Earhardt – Yes, I’ve written about this before but a great term is worth repeating.   This one was shared to me by one of our local cab drivers a few years ago.    This is a person who is renting a home in the Hamptons but can’t remember where it’s located.    A reference to the pioneer and missing aviator Amelia Earhardt.    These particular folks are usually spotted wandering around early in the season on the streets of the east end looking for the cedar shingled house with the pool in the back yard.

Yes it’s fun being here in the playground of the rich, famous and sometime clueless… where we have a lifestyle and a language all our own!

 

Police baffled by badly dressed missing couple in the Hamptons….. I know where they are!!! Plus some news to Nosh on!

So it’s that time of the year for real estate agents. Yes, the renters are here! Now, I don’t want to sound like I’m Paul Revere here warning of impending doom. I love the summer renters!!! Some are great… but there are few stories that leave me wondering about just how some of these people survive in the world!

Recently I was made aware of a new term for certain renters that the locals use. They call them the “mirrorless.” What does that mean and who are these people? Well, let me tell you. These are the people who wear fur coats in June, speedos with bulging guts and high heels on the beach. Apparently it comes from one particular incident,that an old timer agent friend of mine told me about. A few years ago when a tennant complained to an agent that the house had no mirrors anywhere in the house the agent went to the hardware store and bought a few inexpensive stand alone full length ones. Well when they went to the house, they discovered these people weren’t kidding. The wife look like she put her make up on the Cyclone at Coney Island and the Husbands Coogi sweater was about two sizes too small. Thus the term “mirrorless” was born in a Hamptons summer rental.

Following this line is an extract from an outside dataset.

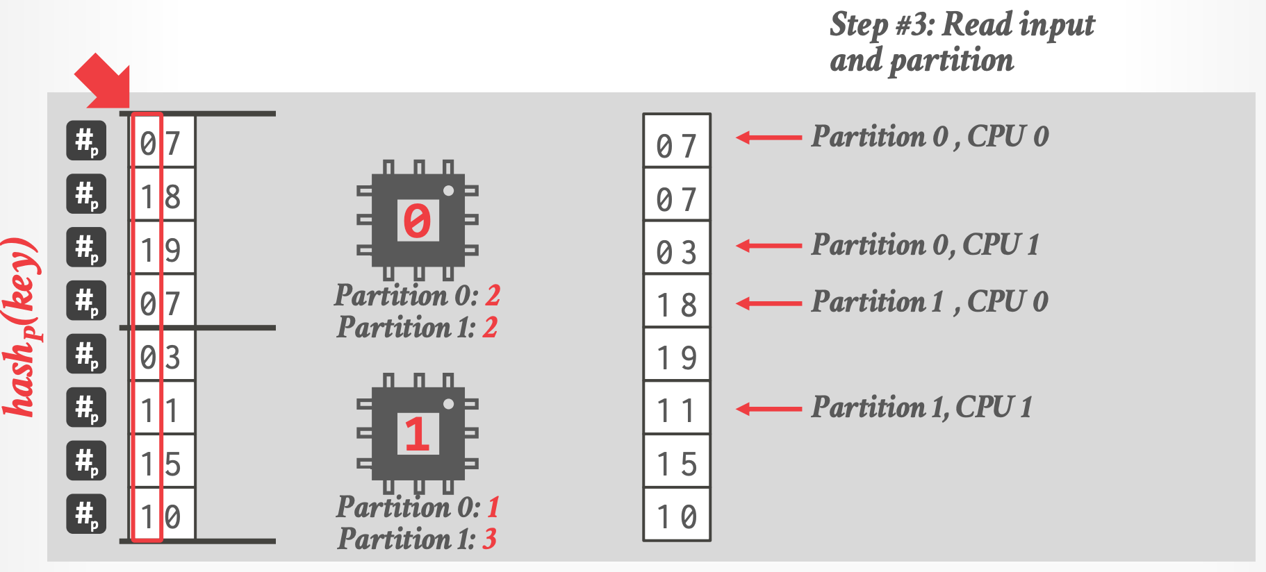 3. Scan R again and partition them according to the hash key.

I’m not coining a new term but it is one I just discovered. It’s called an Earhardt! Apparently cab drivers in the Hamptons have been aware of this for years. Every year new comers come to the East End and move into their beautiful new 4 bedroom, 4 bath, heated pool compounds for three months. Now I appreciate that the newcomers to our community respect the rules of the roads and don’t drink and drive. But please from now on REMEMBER WHERE YOU LIVE! Saying, it’s a house with gray shingles off 27 doesn’t really help the driver. Nor does, “it has a pool in the backyard or I think it’s on Bay or Ocean or something like that.” Yes, apparently it’s an epidemic for cab drivers this time of year… tenants that get drunk and can’t remember where they live! If your a real estate agent like me, print little cards with the address for your new tenants. It’s the right thing to do. Otherwise, the cab drivers with be referring to them as an “Earhart.” Yes, like Amelia Earhart.

Also, I know I haven’t been blogging lately. I’ve actually been busy. But I have been trying some of the new restaurants around town and revisiting some of the old. Here in a nutshell what’s hot this year: Tutto Il Giorno the Southampton venue of the Sag Harbor restaurant… packed every night and hard to get in. Make sure to say hello to Walter, you know from the old Della Femina.. ooops… I mean Della

Famina. Speaking of the old “DF”… the East Hampton Grill is indeed open and apparently the buzz has been great. I went twice so far. I can recommend the Cod, the Salmon and the ribs are all amazing. The wine list is pretty extensive and well priced. So truly the wait has been worth it. They just started taking reservations , so plan ahead. I had dinner with a crowd from Palm Beach on Saturday and if it’s anything like there… you’ll need a good 4 or 5 days lead time at least.

On the down side of things, I don’t know what happened at Harbor Bistro. It was one of my favorites in East Hampton for a long time but something must have happened over the winter. The Caesar salad was watery, the tuna was dry and my friend sent his fish back. Also, the ribs ain’t what they used to be but don’t bother complaining the waiters are busy schmoozing at the bar and trying to get their attention was futile. It’s sad, this is one of the best locations in the Hamptons. I’ll have to give them a few weeks and see if they get back to where they were. Let’s hope so!